Mineral grass

2020

Mineral Grass belongs to a series of works called Untitled Glasssand - UG, which I began producing and experimenting with in 2014. These works materialize through a process of fusion and interaction with the territory where I live, Nove, a small town in the province of Vicenza. The town is traversed by the Brenta River, which defines its landscape and original features. The sculptures Mineral Grass emerge both from the perceived interaction with the location and the ease with which I can retrieve compositional elements. The underlying concept of this unique production aims to highlight a lack of historical and industrial continuity on one hand, while on the other, it makes me feel the necessity of constantly seeking a connection between the artwork and the birthplace.

All UG works address the issue of the invisible in the process of material transformation, manifesting the crystallization of time, space, and energy by compressing sands, glass, enamels, oxides, and metals in a stratification and vitrification process.

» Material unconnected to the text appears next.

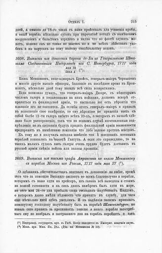 Выписка из письма графа Апраксина к князю Меншикову с корабля Москва из Ревеля, 1717 года мая 27 // Моск. арх. Мин. Ин. Дел. (Дел. кн. Меншикова № 10).

Mineral Grass represents the evolution of a stone: the work transforms the weight and compressed temporality within minerals into a faster and reproductive cycle, guided by humans and inspired by plant life. The process is based on an ecosystem that interprets mineral matter as a self-developing organism. Attention, before being aesthetic or formal, focuses on the production process of materials. The works are structured as a mixture of sands, fluxes, oxides, and metals; the stone, once crushed and processed through precipitates or thermal contrasts, turns into crystalline powder, enamel, or fired, depending on its granularity. In summary, a synergy is created with a circular process that dismantles and reassembles minerals as if they were part of a plant organism. Art allows connecting different levels of thought, unveiling Mineral Grass as a conscious sprouting of minerals, a reflection on the material that accompanies us throughout life and often remains hidden beneath our feet.